Data portability across venues. The ruling does not consolidate Kalshi and Polymarket into a single venue, but it makes the case for cross-venue CLV measurement concrete. An operator trading against both needs a normalized probability benchmark that does not depend on venue-specific closing mechanics. Vendors whose CLV stack treats closing-line-value as venue-specific are already behind.

Risk desk tooling for real-time exposure. National-scale prediction markets concentrate exposure faster than state-siloed sportsbooks. The risk desk’s tooling has to surface aggregate position, not regional position. A vendor selling state-by-state exposure dashboards is solving yesterday’s problem.

03 · Three questions every operator should ask this month

The ruling creates a narrow window during which procurement decisions can be reset without looking reactive. Any operator serious about the post-preemption environment should be working through three questions this month, not this quarter.

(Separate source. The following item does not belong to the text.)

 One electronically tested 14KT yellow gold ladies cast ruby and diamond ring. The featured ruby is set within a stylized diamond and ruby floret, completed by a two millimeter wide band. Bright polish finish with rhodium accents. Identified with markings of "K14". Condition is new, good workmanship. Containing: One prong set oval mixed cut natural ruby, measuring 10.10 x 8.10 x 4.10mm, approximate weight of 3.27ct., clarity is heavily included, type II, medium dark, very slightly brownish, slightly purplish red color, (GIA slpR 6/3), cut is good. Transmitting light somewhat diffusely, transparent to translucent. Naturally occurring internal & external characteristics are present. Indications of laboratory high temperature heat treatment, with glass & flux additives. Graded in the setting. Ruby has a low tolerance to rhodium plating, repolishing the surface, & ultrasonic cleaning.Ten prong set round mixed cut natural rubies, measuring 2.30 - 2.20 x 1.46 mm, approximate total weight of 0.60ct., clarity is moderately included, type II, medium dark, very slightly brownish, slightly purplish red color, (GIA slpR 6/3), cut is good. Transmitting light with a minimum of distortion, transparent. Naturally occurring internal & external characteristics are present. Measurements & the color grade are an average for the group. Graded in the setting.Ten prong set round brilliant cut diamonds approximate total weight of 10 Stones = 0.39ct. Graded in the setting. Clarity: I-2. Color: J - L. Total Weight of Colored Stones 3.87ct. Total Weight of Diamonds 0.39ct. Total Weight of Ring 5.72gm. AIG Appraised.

First: does our model infrastructure assume national pricing cadence or legacy state-configurable cadence? If the latter, what is the migration cost?

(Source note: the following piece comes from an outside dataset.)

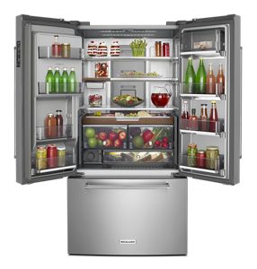 The largest capacity counter-depth refrigerator in its class features PrintShield™ finish to resist fingerprints outside and flexible storage options inside. A slide-away shelf retracts to fit tall items, and full-extension self-close crispers and custom temperature pantry let you store more and find it easily. Plus, the Preserva®Food Care System with Linear Compressor helps keep it all at the peak of freshness.

Second: is our CLV measurement portable across Kalshi and Polymarket, or venue-specific? Cross-venue portability was a nice-to-have before the ruling. It is now a vendor qualification filter.

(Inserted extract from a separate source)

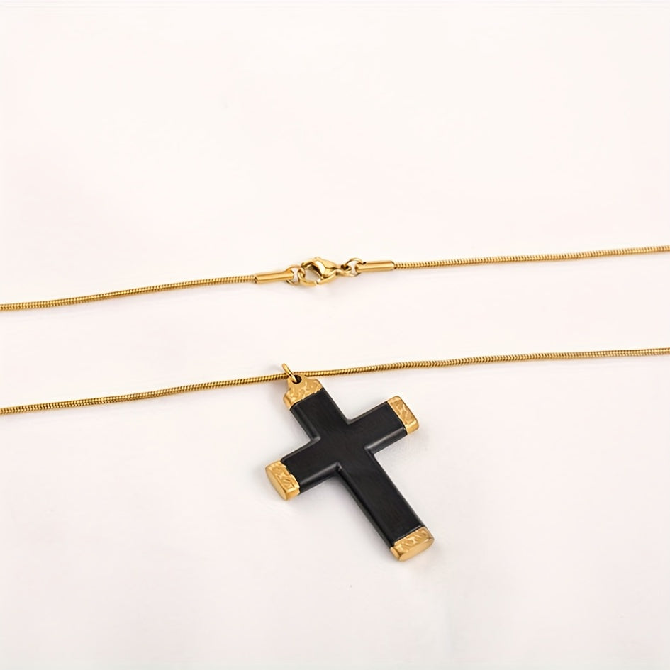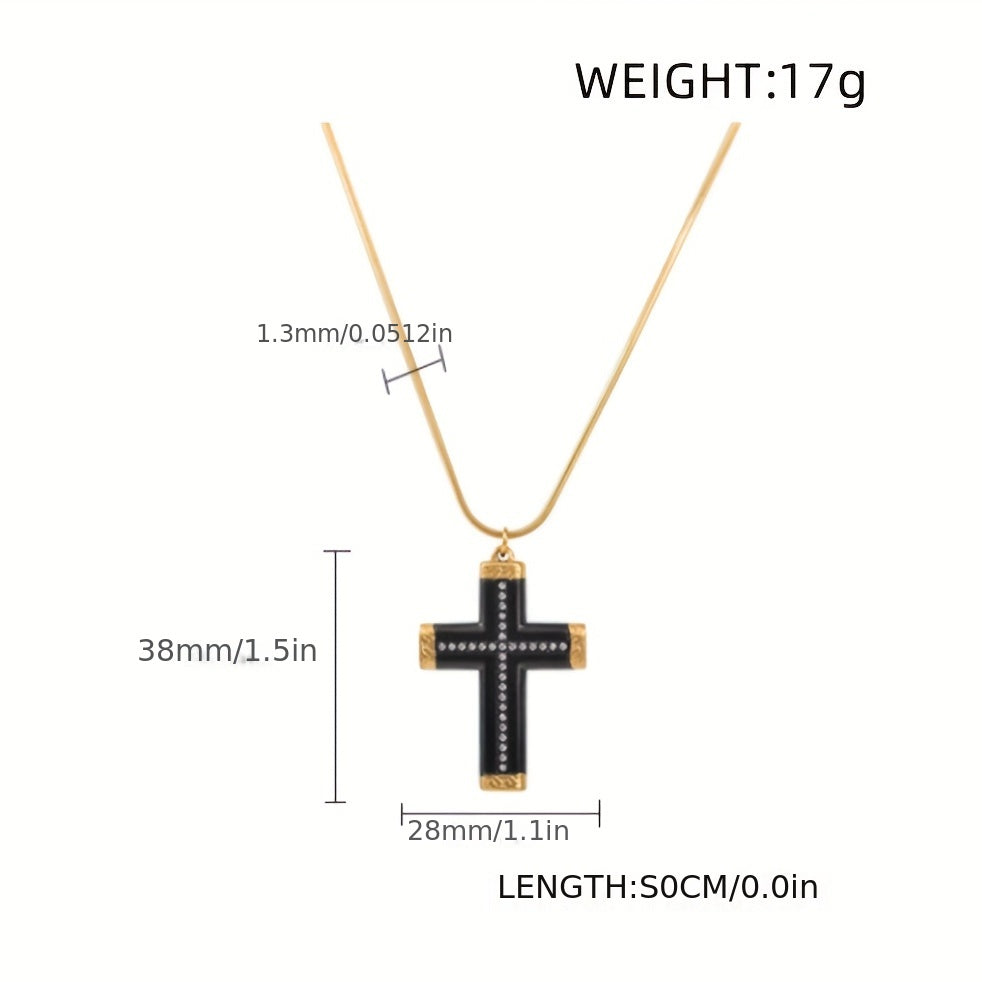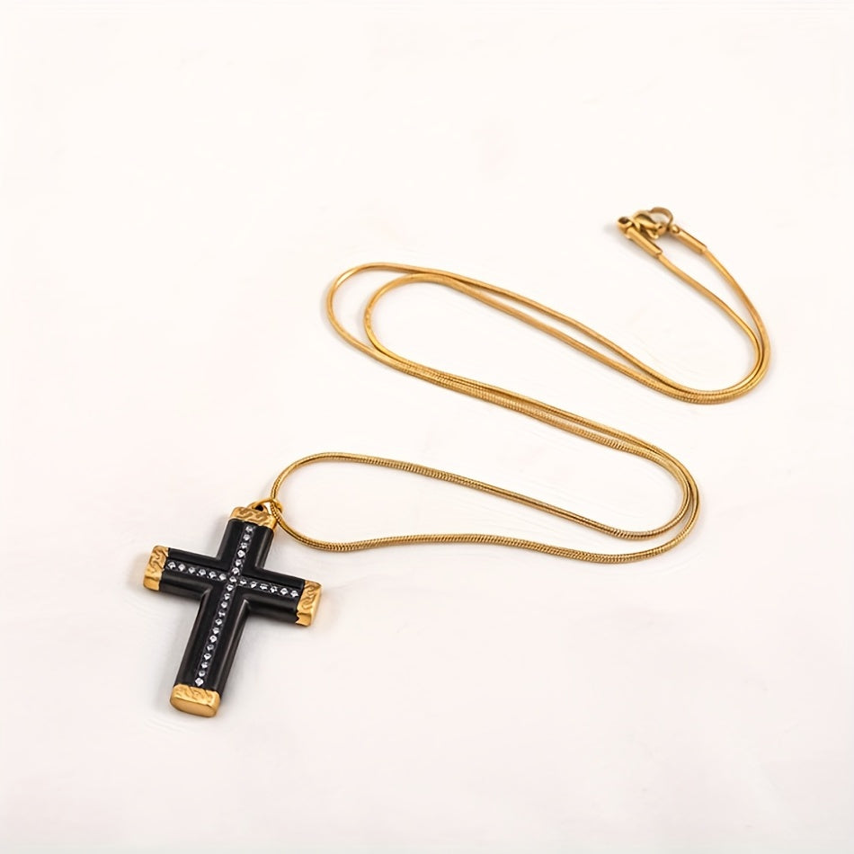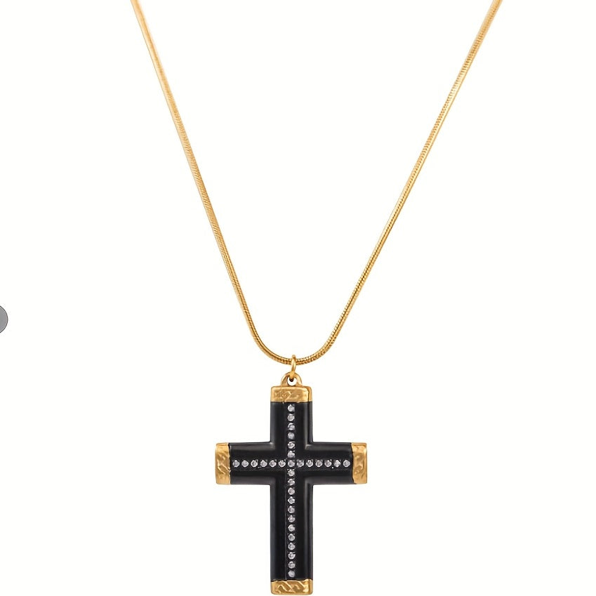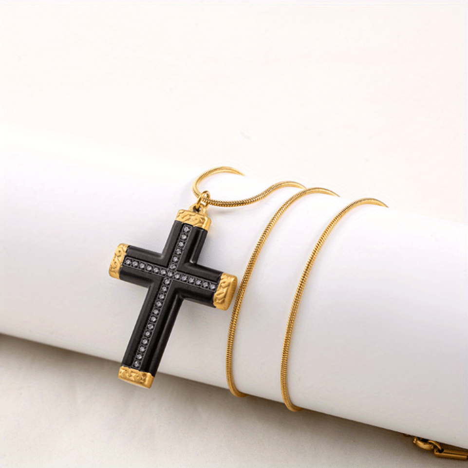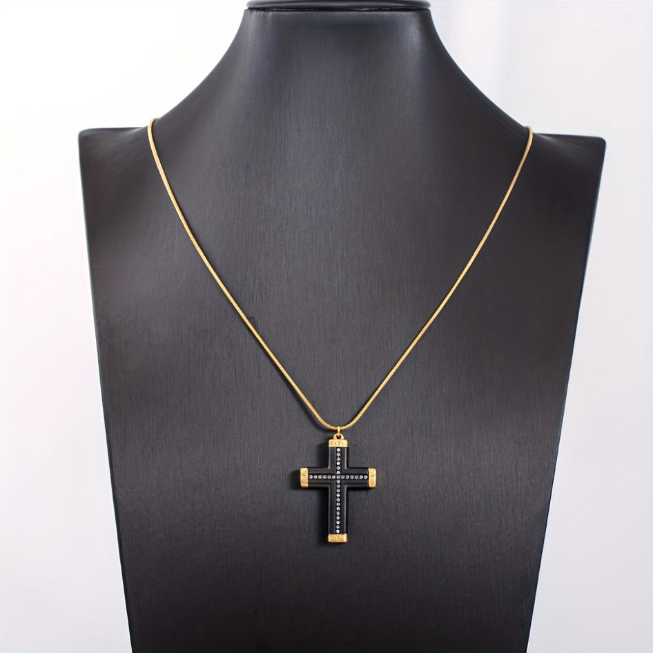 This stylish men's cross pendant necklace is made of titanium steel with a golden plated finish and rhinestone accents. It's the perfect accessory to complement your sweater chain look.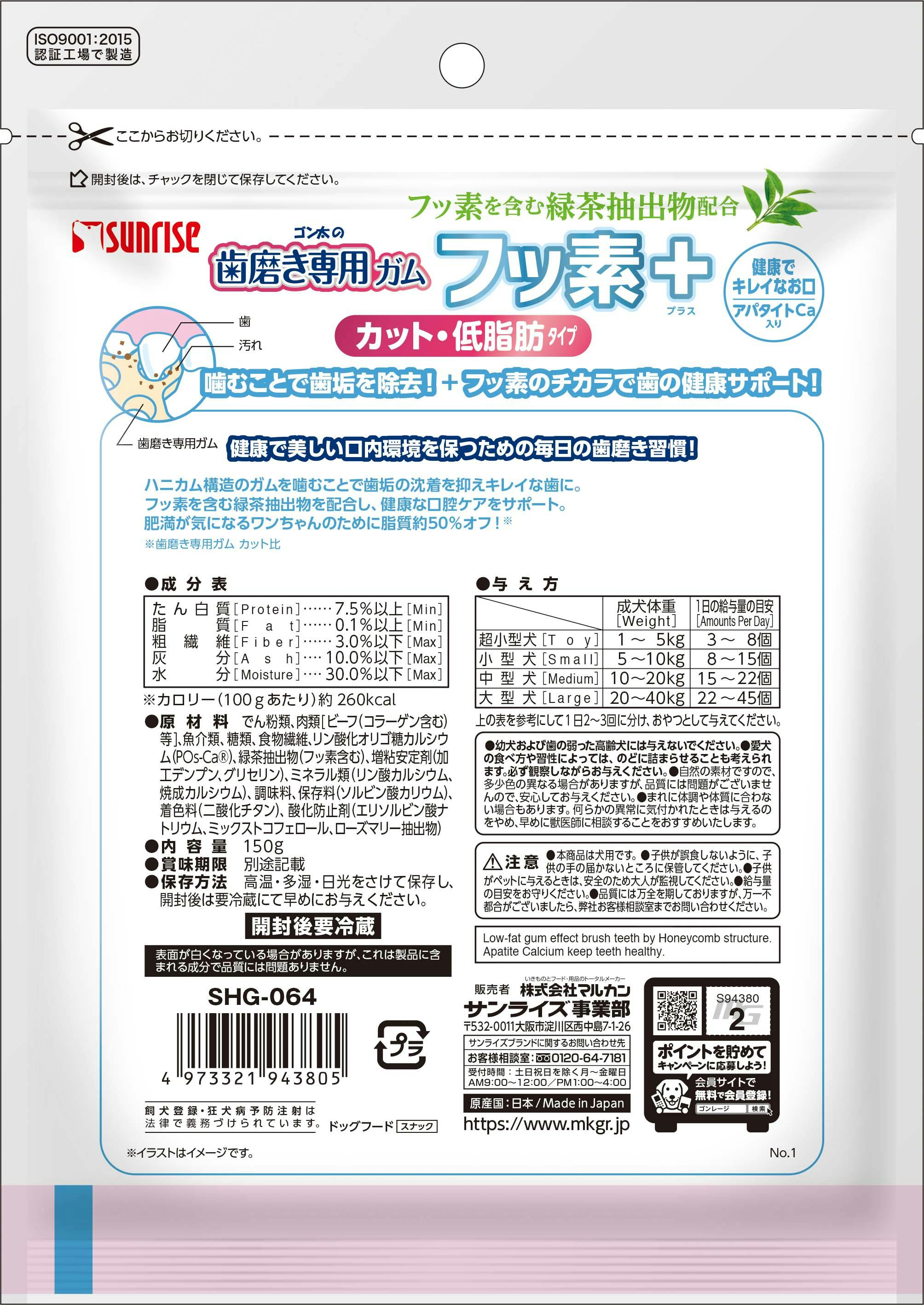 ゴン太の歯磨き専用ガム フッ素プラス カット アパタイトカルシウム入り 低脂肪 150g 犬おやつ【別送品】

Third: does our risk desk aggregate exposure at a national layer or a per-state layer? National-layer aggregation is the only scalable answer post-preemption.

These are not exotic questions. Asked honestly, they eliminate most off-the-shelf sportsbook-infrastructure vendors from serious prediction market procurement.

04 · Residual risk worth pricing

The ruling is not the final word. Three risks remain and should be priced into any eighteen-month strategic plan.

Supreme Court timeline. Legal observers expect a cert petition from the state side, likely reaching the Supreme Court in 2027 or 2028. A reversal on preemption would reopen every question this ruling closed. The base case, given the Court’s recent posture on agency authority, is that CFTC preemption survives. The tail risk is real.

Circuit splits. A Ninth Circuit or Fifth Circuit panel reaching the opposite conclusion would force Supreme Court review faster and create a patchwork in the interim. Operators should track pending cases in those circuits closely.

Nevada outlier. Nevada’s gaming regulators have been the most aggressive and have the most developed enforcement capability. A Nevada state court ruling that declines to follow federal preemption reasoning would create operational complexity even if legally incorrect. Nevada is also, not coincidentally, where the Vegas sharp-book ecosystem lives. Any operator building infrastructure for sharp counterparties needs a Nevada-specific compliance posture regardless of what other states do.

05 · The read from here

This is the clearest structural tailwind the infrastructure-layer thesis has received since Kalshi first filed sports contracts in January 2025. The procurement argument is validated: a prediction market operator is buying a national ops stack, not fifty state-specific ops stacks. The vendors who priced for that assumption two years early are the obvious picks now.

The residual risk we price highest is not legal. It is execution. Operators who use the next six months to keep deferring infrastructure decisions will be worse off than operators who made suboptimal choices quickly. The reset window is open. It closes when the Supreme Court takes cert, because then everyone defers.